Transcribe audio

This page shows you how to transcribe audio files into text using the Speech-to-Text API on Google Distributed Cloud (GDC) air-gapped appliance.

The Speech-to-Text service of Vertex AI on GDC air-gapped appliance recognizes speech from audio files. Speech-to-Text converts the detected audio into text transcriptions using its pre-trained API.

Before you begin

Before you can start using the Speech-to-Text API, you must have a project with the Speech-to-Text API enabled and have the appropriate credentials. You can also install client libraries to help you make calls to the API. For more information, see Set up a speech recognition project.
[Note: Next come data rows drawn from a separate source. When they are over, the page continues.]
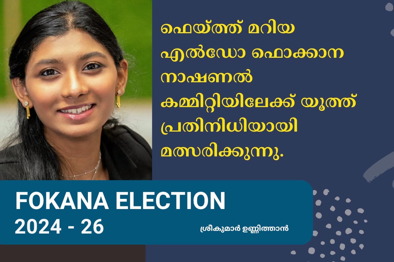 ഫ്ലോറിഡ :സജിമോൻ നേതൃത്വം നൽകുന്ന ഡ്രീം ടീമിന്റെ ഭാഗമായി ഫൊക്കാനയുടെ 2024-2026 ഭരണസമിതിയിൽ നാഷണൽ കമ്മിറ്റിയിലേക്ക് യൂത്ത് പ്രതിനിധിയായി കലാ- സംസ്കാരിക പ്രവർത്തകയായ ഫെയ്ത്ത് മറിയ എൽഡോ മത്സരിക്കുന്നു.
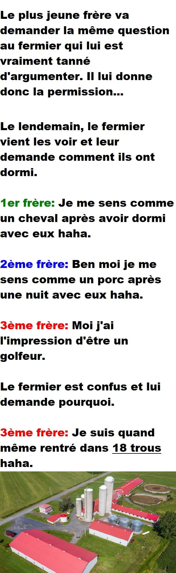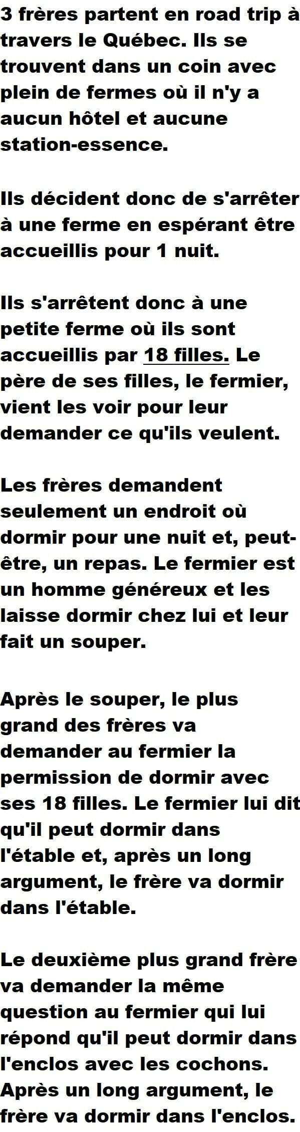 Home / Blagues Québécoises / 3 Frères Veulent Passer La Nuit Avec Les 18 Filles D’Un Fermier
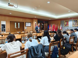 渡航前には、本学部教員による事前授業が行われ、タイの文化や経済、政治について知識を修得し、現地では、タイで現在進行中の経済開発プロジェクトについて、英語で授業を受けました。

Transcribe audio with the default model

Speech-to-Text performs speech recognition. You send the audio file from which you want to recognize speech directly as content in the API request. The system returns the resulting transcribed text in the API response.

You must provide a RecognitionConfig configuration object when making a speech recognition request. This object tells the API how to process your audio data and what kind of output you expect. If a model is not explicitly specified in this configuration object, Speech-to-Text selects a default model. Speech-to-Text on GDC air-gapped appliance only supports the default model.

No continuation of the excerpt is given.